| Records provided |
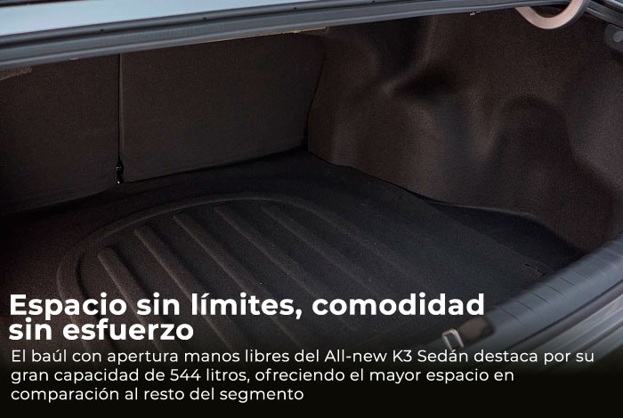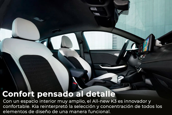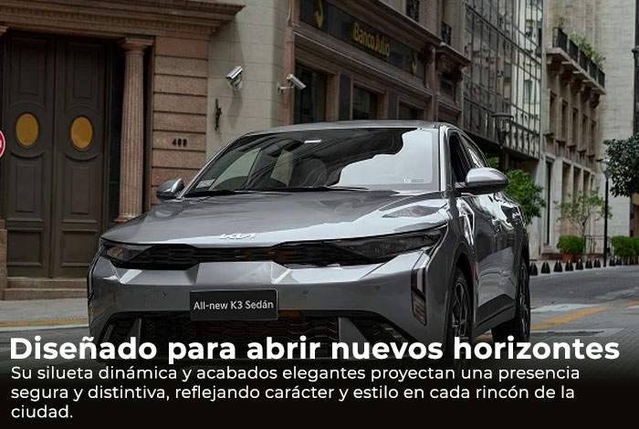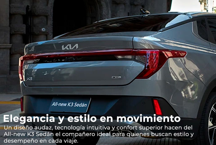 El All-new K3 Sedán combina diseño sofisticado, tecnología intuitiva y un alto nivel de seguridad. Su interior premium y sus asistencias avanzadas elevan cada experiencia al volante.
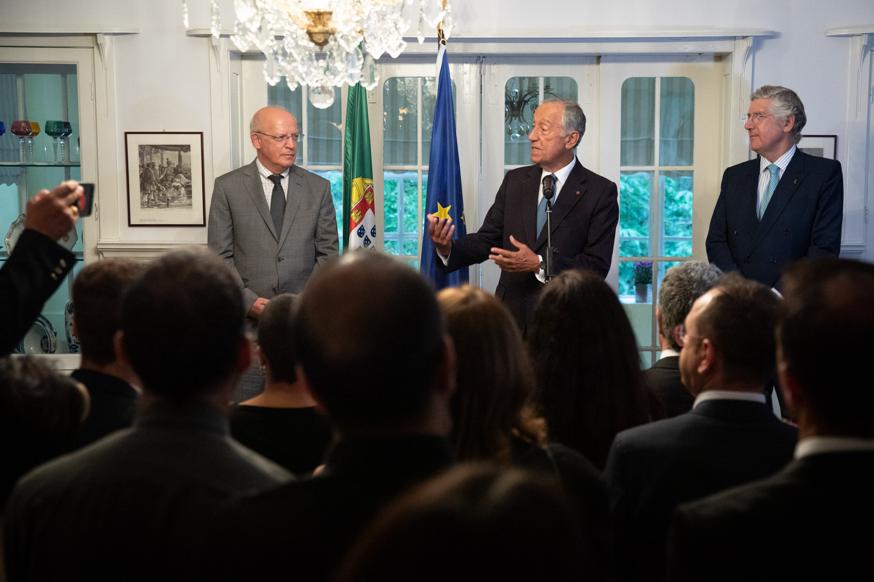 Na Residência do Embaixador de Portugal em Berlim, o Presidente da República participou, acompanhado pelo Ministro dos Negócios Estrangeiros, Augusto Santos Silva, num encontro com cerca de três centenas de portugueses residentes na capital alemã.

---

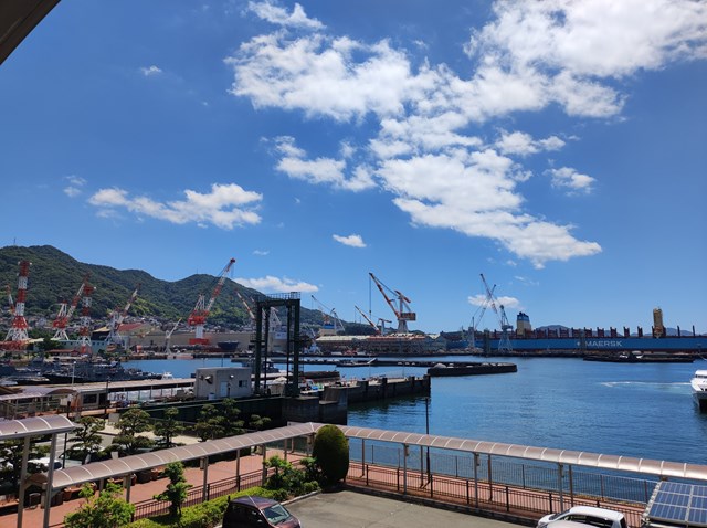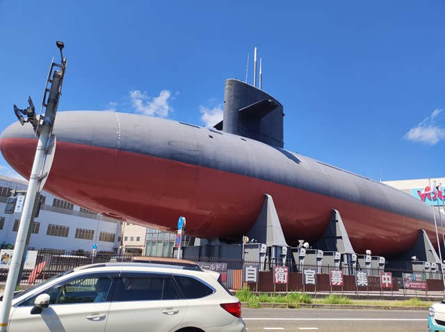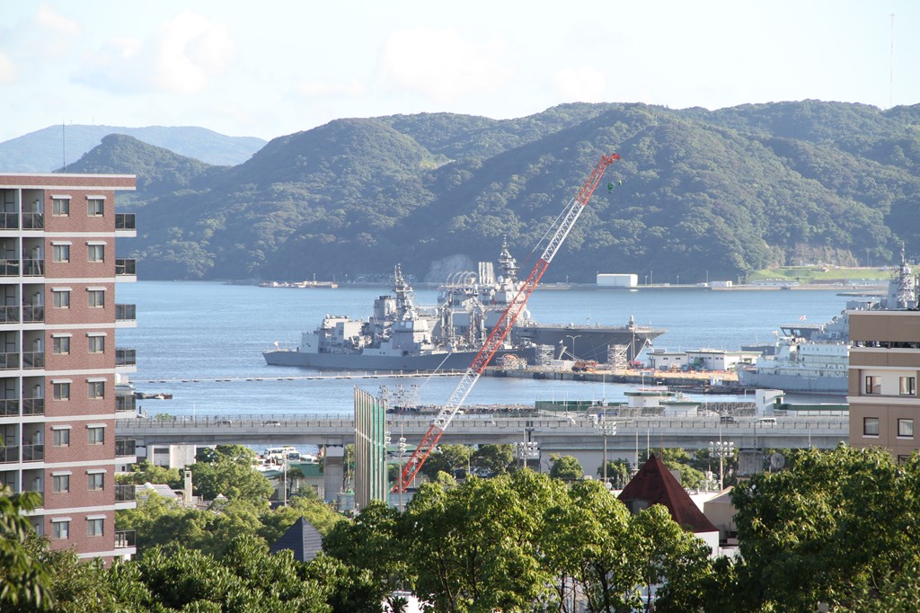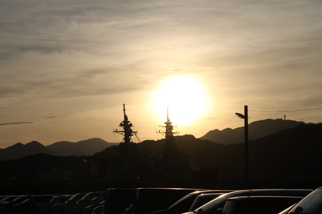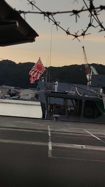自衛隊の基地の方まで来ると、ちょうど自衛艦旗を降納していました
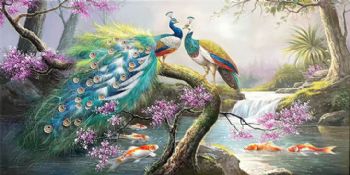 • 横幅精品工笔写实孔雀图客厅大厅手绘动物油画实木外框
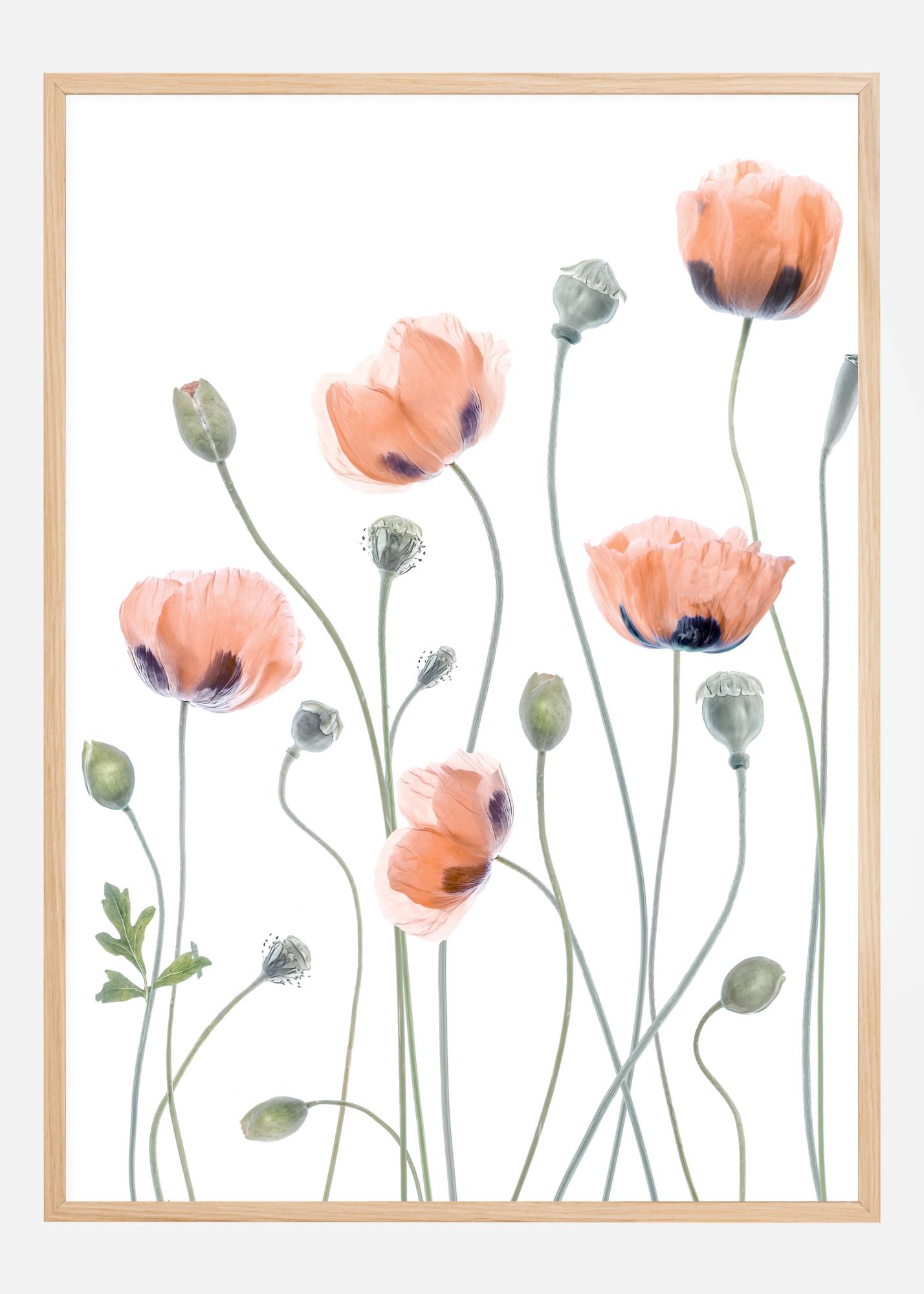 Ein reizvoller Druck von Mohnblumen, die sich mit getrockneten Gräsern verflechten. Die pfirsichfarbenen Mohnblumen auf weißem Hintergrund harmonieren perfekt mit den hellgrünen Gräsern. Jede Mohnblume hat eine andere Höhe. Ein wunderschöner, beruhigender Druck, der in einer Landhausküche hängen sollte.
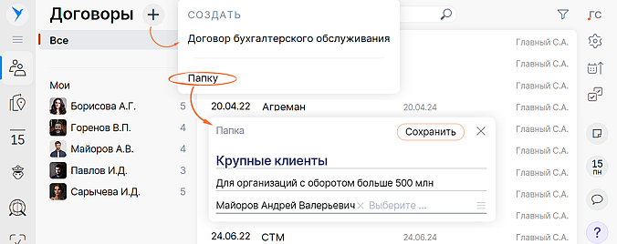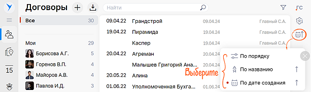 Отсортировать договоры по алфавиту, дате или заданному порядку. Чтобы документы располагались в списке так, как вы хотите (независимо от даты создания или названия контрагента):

* * *

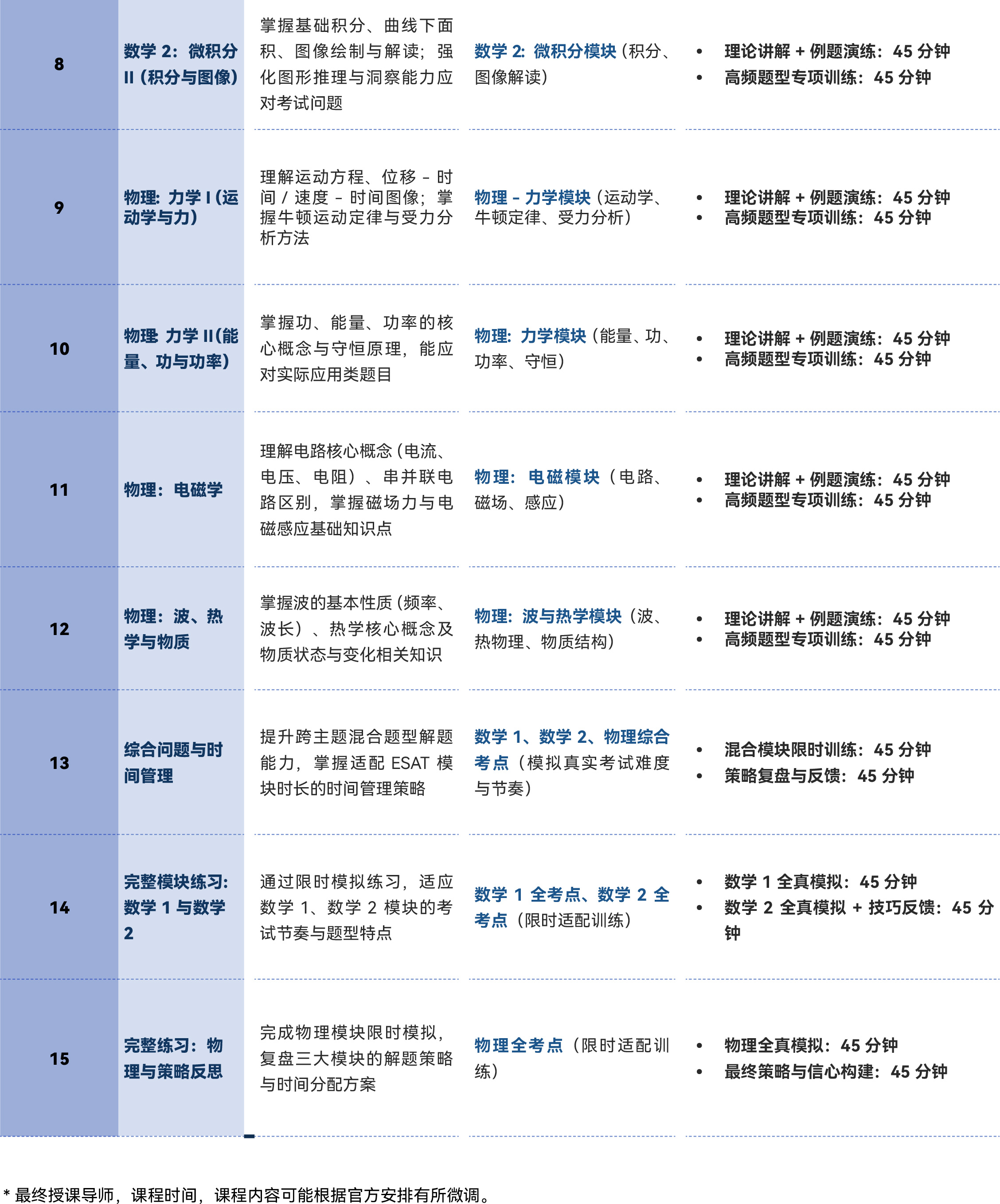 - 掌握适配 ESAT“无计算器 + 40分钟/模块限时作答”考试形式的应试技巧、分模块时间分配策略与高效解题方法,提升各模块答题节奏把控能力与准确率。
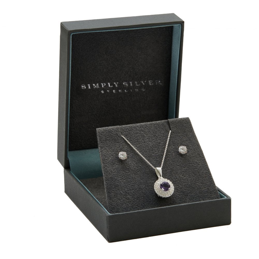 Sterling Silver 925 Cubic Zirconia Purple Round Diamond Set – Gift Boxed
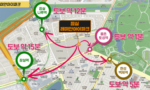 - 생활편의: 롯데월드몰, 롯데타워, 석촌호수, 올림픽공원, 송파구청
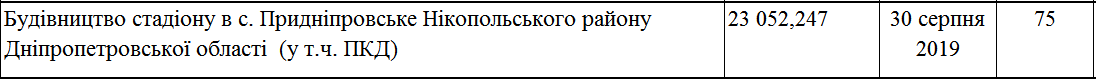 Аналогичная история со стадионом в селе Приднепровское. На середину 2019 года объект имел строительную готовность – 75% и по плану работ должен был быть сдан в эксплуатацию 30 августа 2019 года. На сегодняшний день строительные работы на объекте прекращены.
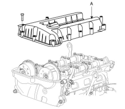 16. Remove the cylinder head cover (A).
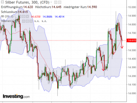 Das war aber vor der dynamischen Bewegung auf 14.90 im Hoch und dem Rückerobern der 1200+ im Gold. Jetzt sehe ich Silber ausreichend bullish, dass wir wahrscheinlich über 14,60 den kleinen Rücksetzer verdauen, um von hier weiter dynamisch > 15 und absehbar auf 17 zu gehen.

| Exercise details |
Copy exactly the material above from the line with "- 생활편의: 롯데월드몰, 롯데타워, 석촌호수, 올림픽공원, 송파구청" to the line with "Das war aber", ends included, and nothing else. Leave out any picture.

| Exercise output |
 - 생활편의: 롯데월드몰, 롯데타워, 석촌호수, 올림픽공원, 송파구청
 Аналогичная история со стадионом в селе Приднепровское. На середину 2019 года объект имел строительную готовность – 75% и по плану работ должен был быть сдан в эксплуатацию 30 августа 2019 года. На сегодняшний день строительные работы на объекте прекращены.
 16. Remove the cylinder head cover (A).
 Das war aber vor der dynamischen Bewegung auf 14.90 im Hoch und dem Rückerobern der 1200+ im Gold. Jetzt sehe ich Silber ausreichend bullish, dass wir wahrscheinlich über 14,60 den kleinen Rücksetzer verdauen, um von hier weiter dynamisch > 15 und absehbar auf 17 zu gehen.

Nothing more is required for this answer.